Worth a Closer Look? Tiny Solucorp’s Mercury- Reduction Technology Could Pay Off (Or Not)
Submitted by EnergyTechStocks.com
“For a small company like Solucorp, even a 1% share of the mercury-reduction market will provide a tidy profit, Spindler says.”
You’ve just read the next-to-last sentence in a recent article in the respected trade publication Chemical & Engineering News that was entitled, “Getting Rid of Mercury.”

The article dealt with how some 20 eastern U.S. states have either begun or will shortly begin to regulate mercury from large coal-fired power plants, plus how Washington may impose mercury-reduction regulations starting in 2013.
None of that is new.

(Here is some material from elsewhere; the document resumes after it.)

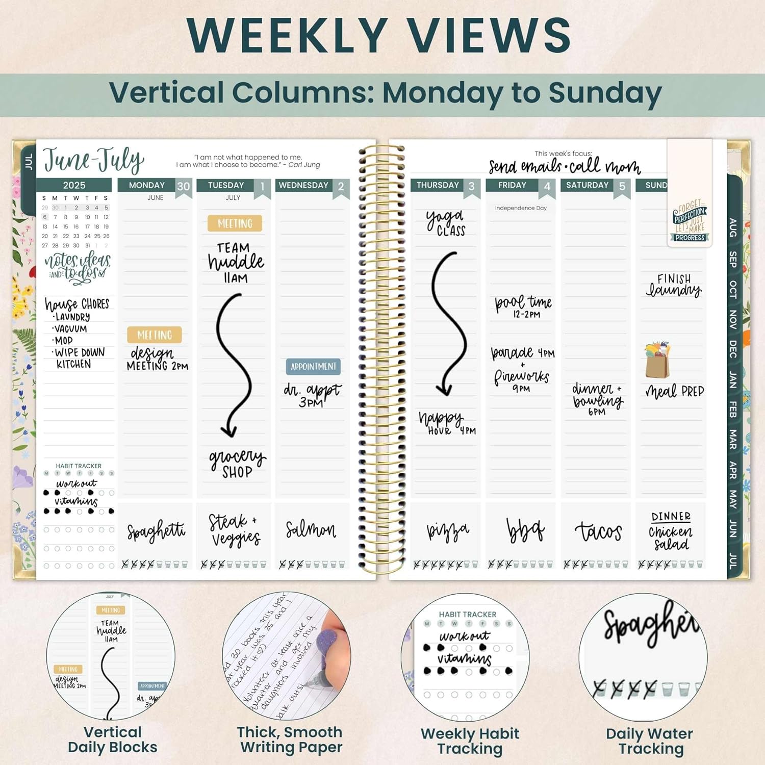 - Vertical Weekly Layout: The weekly views in this planner 2025-2026 run Monday to Sunday with even space for each day. Daily columns are 1.5” wide x 7.7” tall, perfect for tracking hourly appointments. Each week features a quote, top focus items, habit tracker, and daily water intake.
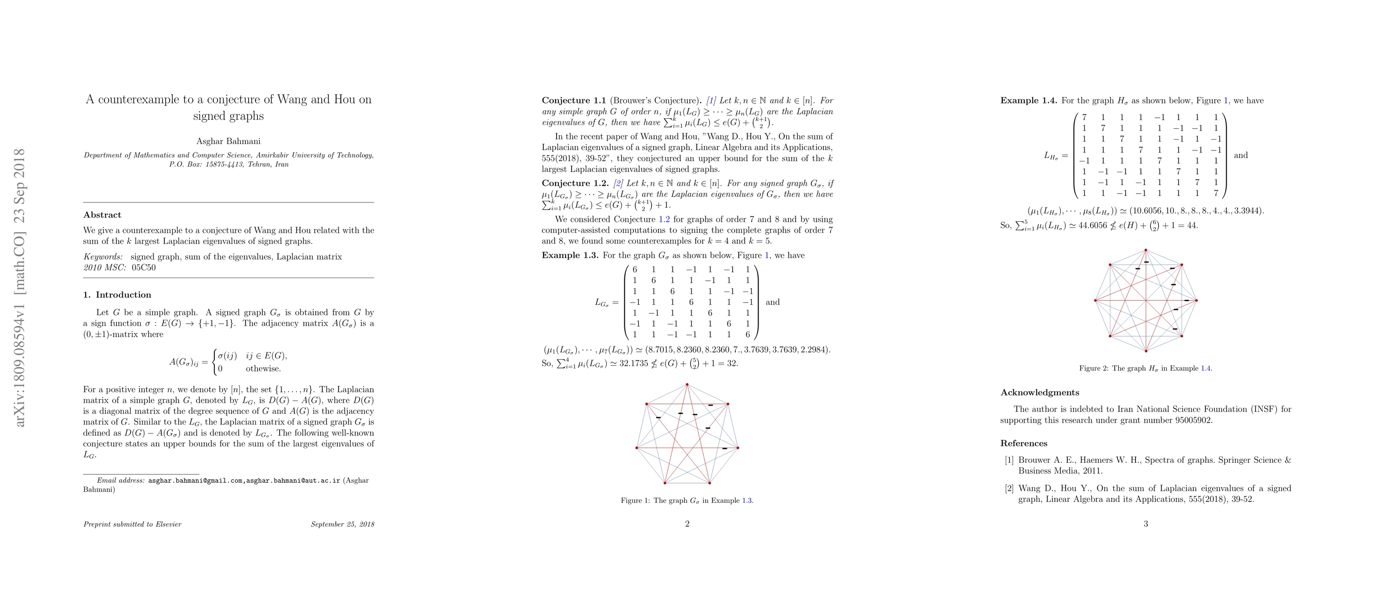 Summary: This paper refutes a conjecture by Wang and Hou concerning the sum of the $k$ largest Laplacian eigenvalues in signed graphs, presenting a specific counterexample.

Neither is it new that, as the article notes, a bunch of companies that sell mercury-reduction equipment could prosper, among them ADA-ES, Corning, Johnson Matthey and Calgon Carbon.
But then, at the end of the article, a new player is introduced, tiny Solucorp Industries Ltd.
Based in West Nyack, NY and traded over-the-counter, Solucorp certainly doesn’t look like much. Its shares have recently traded in a range of only about 10 cents to 17 cents and the company’s financial reporting appears to be spotty.
What Solucorp may have going for it is its patented technology. According to the Chemical & Engineering News article, the company is working on injecting micronized sulfide slurry into flue gas scrubbers. Solucorp executive Noel Spindler told the trade magazine that Solucorp is presently conducting tests to see whether its process can remove 90% of mercury.
Whether that’s enough to entice an investor to look closer at this company, well, we’ll let you be the judge.